Mundo ficciónIniciar sesiónAlison permanece de pie al otro lado del cristal, con los brazos cruzados sobre su pecho, la preocupación presente en su rostro y en total silencio mientras observa cómo el equipo médico vuelve a conectar a su hijo a una nueva serie de máquinas totalmente distintas a las que utilizaron en la mañana.
«Odio todo esto»
Es el rápido pensamiento que cruza por su mente. No le gusta estar ahí, no porque no quiera a su hijo o porque no quiera acompañarlo a sus citas, sino porque después de tantos años ha aprendido que cada vez que terminan con las pruebas y el médico le pide hablar a solas, cada vez que ve esa expresión seria en sus rostros, significa que algo más está ocurriendo, que la condición de Hagen a vuelto a cambiar.
Ella tambien es médico y sabe como se disfrazan las palabras cuando hay algo de que no pueden explicar, algo que médicamente no pueden solucionar.
Del otro lado del cristal, Hagen permanece sentado sobre la camilla mientras una enfermera ajusta algunos sensores en su cuerpo. A pesar de tener diez años, hay momentos en los que parece mucho más pequeño. Su rostro conserva todavía esa inocencia que Alison intenta proteger a toda costa, pero sus ojos negros, son demasiado intensos para un niño de su edad.
Su hijo es diferente, siempre lo ha sido. Desde el momento en que nació, Alison supo que algo en él no era igual a los demás, lo que nunca ha sabido es exactamente que es eso que lo hace distinto.

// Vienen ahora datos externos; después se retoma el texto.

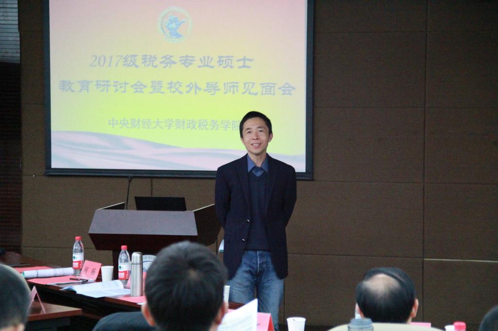 2017年10月28日下午,beat365平台唯一官网2017级税务专硕教育研讨会暨校外导师见面会在中财大厦报告厅顺利举行。国家税务总局大企业税收管理司巡视员王道树、国家税务总局龚辉文研究员、北京市国家税务局邓远军处长,京东集团副总裁蔡磊、德勤会计师事务所合伙人宫滨、德勤税务部高级经理嵇峰、德勤中国高级税务顾问李权周、中税咨询集团董事长宋宁、智方圆税务师事务所总裁王冬生、安永(中国)企业咨询有限公司执行总监熊晓青、华夏幸福股份公司财务副总许军、乾元中利国际税务咨询(北京)有限公司合伙人燕冬等十多位校外导师出席了见面会,与beat365平台唯一官网师生就如何为税务硕士提供更优质的教育进行了共同探讨。beat365平台唯一官网杨志清教授、韩淼老师、刘金科老师等也参加了此次研讨会。

La primera vez que Hagen liberó feromonas se aterró, los lobos no se presentan sino hasta la adolescencia, por eso, que su pequeño con solo tres años pudiera liberar feromonas Omega creyó que solo eran ideas suyas, pero cuando su niñera la llamó aterrada porque el pequeño liberó feromonas Alfas, todas sus alarmas se dispararon. Desde ese momento comenzó el desfile médico de ambas s, cada cierto tiempo tenía que ir con Hagen a hacerse chequeos médicos para controlar que todo estuviera bien, que no liberara feromonas, intentar estabilizar el descontrol de casta, pero hasta ese momento todo había sido inutil.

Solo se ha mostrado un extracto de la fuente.